In a statement shared with the BBC by OpenAI, Mr Altman denied that the company had sought to imitate Johansson’s voice.

“The voice of Sky is not Scarlett Johansson’s, and it was never intended to resemble hers,” he wrote.

“We cast the voice actor behind Sky’s voice before any outreach to Ms Johansson. Out of respect for Ms Johansson, we have paused using Sky’s voice in our products.
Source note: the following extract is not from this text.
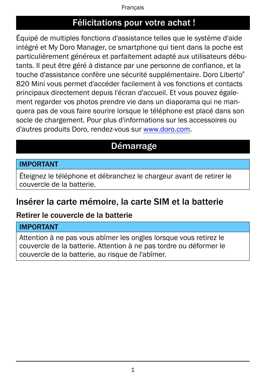 - Entretien et maintenance Français Félicitations pour votre achat ! Équipé de multiples fonctions d'assistance telles que le système d'aide intégré et My Doro Manager, ce smartphone qui tient dans la poche est particulièrement généreux et parfaitement adapté aux utilisateurs débutants. Il peut être géré à distance par une personne de confiance, et la touche d'assistance confère une sécurité supplémentaire. Doro Liberto 820 Mini vous permet d'accéder facilement à vos fonctions et contacts principaux directement depuis l'écran d'accueil. Et vous pouvez également regarder vos photos prendre vie dans un diaporama qui ne manquera pas de vous faire sourire lorsque le téléphone est placé dans son socle de chargement. Pour plus d'informations sur les accessoires ou d'autres produits Doro, rendez-vous sur www.doro.com. p. 69

We are sorry to Ms Johansson that we didn’t communicate better.”

Separately, the firm said it was “working to pause” the voice while it addressed questions about how it was chosen in a post on X, formerly Twitter.

In its blog post, OpenAI said the five voices used by its chatbot had been sampled from voice actors it partnered with.

Copyright challenges

It comes just six months after actors agreed to end strikes which froze the entertainment industry amid calls for better pay and safeguards on the use of AI.

Ms Johansson took part in last year’s industrial action, which was partly about how studios would use AI to imitate actors’ faces and voices.

The deal struck with studios included reassurances that these would not be used without consent from actors.

“To use someone’s voice without permission feels particularly invasive at a time when distrust of AI and concern over its potential harms are rampant,” said Dan Stein, head of AI voice licensing company Voice-Swap.

“Whether OpenAI trained their new Sky voice using audio from Scarlett Johansson or a sound-a-like, the fact remains that she refused permission and her identity was exploited regardless.

“It sets a dangerous precedent for copyright and consent if the most prominent company in the field behaves in this way.”

OpenAI has been battling various legal challenges to how it uses copyrighted information available online.

In December, the New York Times said it planned to launch a lawsuit against the corporation over allegations that it had used “millions” of articles published by the media organisation to train its ChatGPT AI model.